Helping to bolster sentiment on Wall St, the US ADP employment survey showed 201k jobs were added in March. While this was a shade below expectations of 208k, it was still taken as a sign of further improvement in US labour market conditions. Against a backdrop of renewed confidence in the global economy and fading risk aversion, investors ditched “safehaven” currencies like the USD, JPY, and CHF in favour of “growth-sensitive” currencies like the AUD, NZD and CAD. Widening interest rate differentials further weighed on the JPY overnight, with recent hawkish rhetoric from the ECB and Federal Reserve providing an obvious contrast to the easing bias of the Bank of Japan.

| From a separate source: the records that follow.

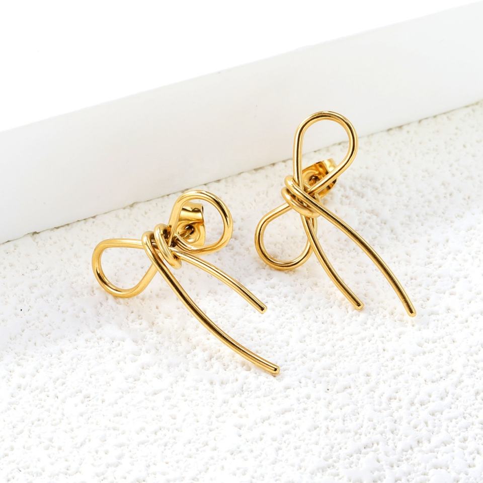 Wholesale Waterproof Non Tarnish Jewelry Bowknot Hoop Earrings 18K Gold Plated Heart Bow Stainless Steel Stud Earrings for Women
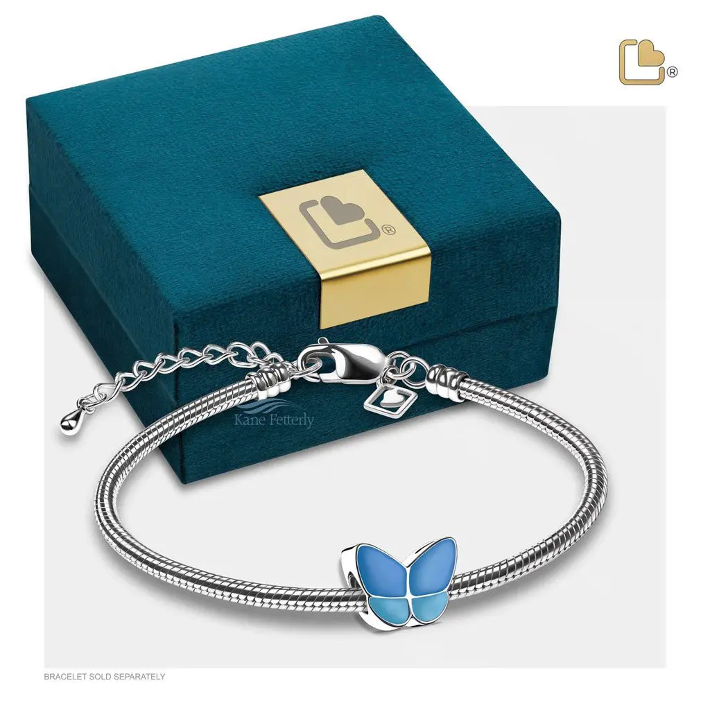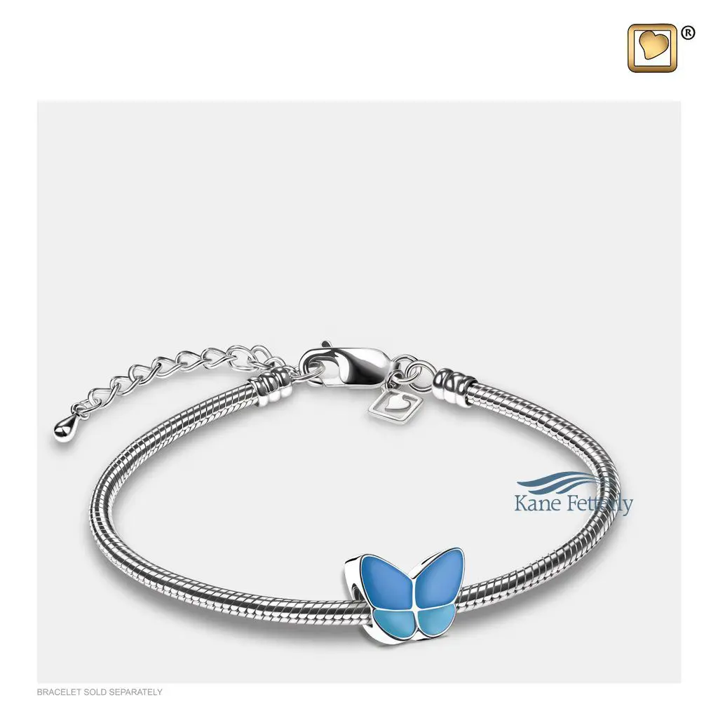 Butterfly bead for ashes, two-tone blue enamel finish. Hand-crafted in rhodium-plated .925 sterling silver.
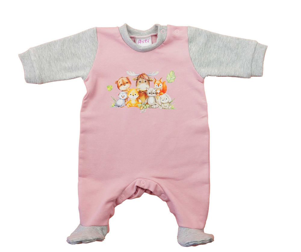 Belül bolyhos, hosszú ujjú baba rugdalózó – Állatos mintával
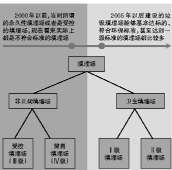 业内专家普遍认为,我国填埋场建设标准和污染防治方面有两个时间节点比较重要:2000年以前,当时所谓的永久性填埋场或者是受控的填埋场,现在看来实际上都是不符合标准的填埋场。按照原建设部的划分标准,2000年以前,基本上是三级、四级的居多。这两类填埋场是一种集中受控的,有环境设施但是不能达标运行。

Indeed, Dallas Fed President Fisher (regarded as a hawk) said yesterday he would vote against further Fed easing. US-JP 2-year bond spreads have jumped 25bps to 60bps over the past 1½ weeks. From around 82.50, USD/JPY climbed to nearly 83.20 overnight while EUR/JPY surged to a 10-month high above 117.00. Reflecting the softer USD, both EUR and GBP managed to eek out further gains overnight.
In addition, the UK index of services index rebounded 1.3% in January – it’s fastest monthly pace since July 2002 – supporting investors’ expectation the Bank of England could raise rates as early as May. From below 1.6000, GBP/USD ground up to above 1.6060, helping drag EUR/USD from 1.4060 to 1.4140.
Along with the JPY, the CHF was one of the weakest performing currencies of the night. Not only did a reduction in “safe-haven” demand dent the appeal of the CHF, but a Swiss National Bank official said recent CHF gains “limits our room for manoeuvre in normalising interest rates”. Tonight’s jobless claims figures will provide the next update on the strength of the US labour market, ahead of Friday’s all-important non-farm payrolls report.
For today, we suspect the backdrop of buoyant risk appetite and upbeat equity market sentiment will keep “safe-haven” currencies like the JPY and USD heavy.
Mike Jones is part of the BNZ research team.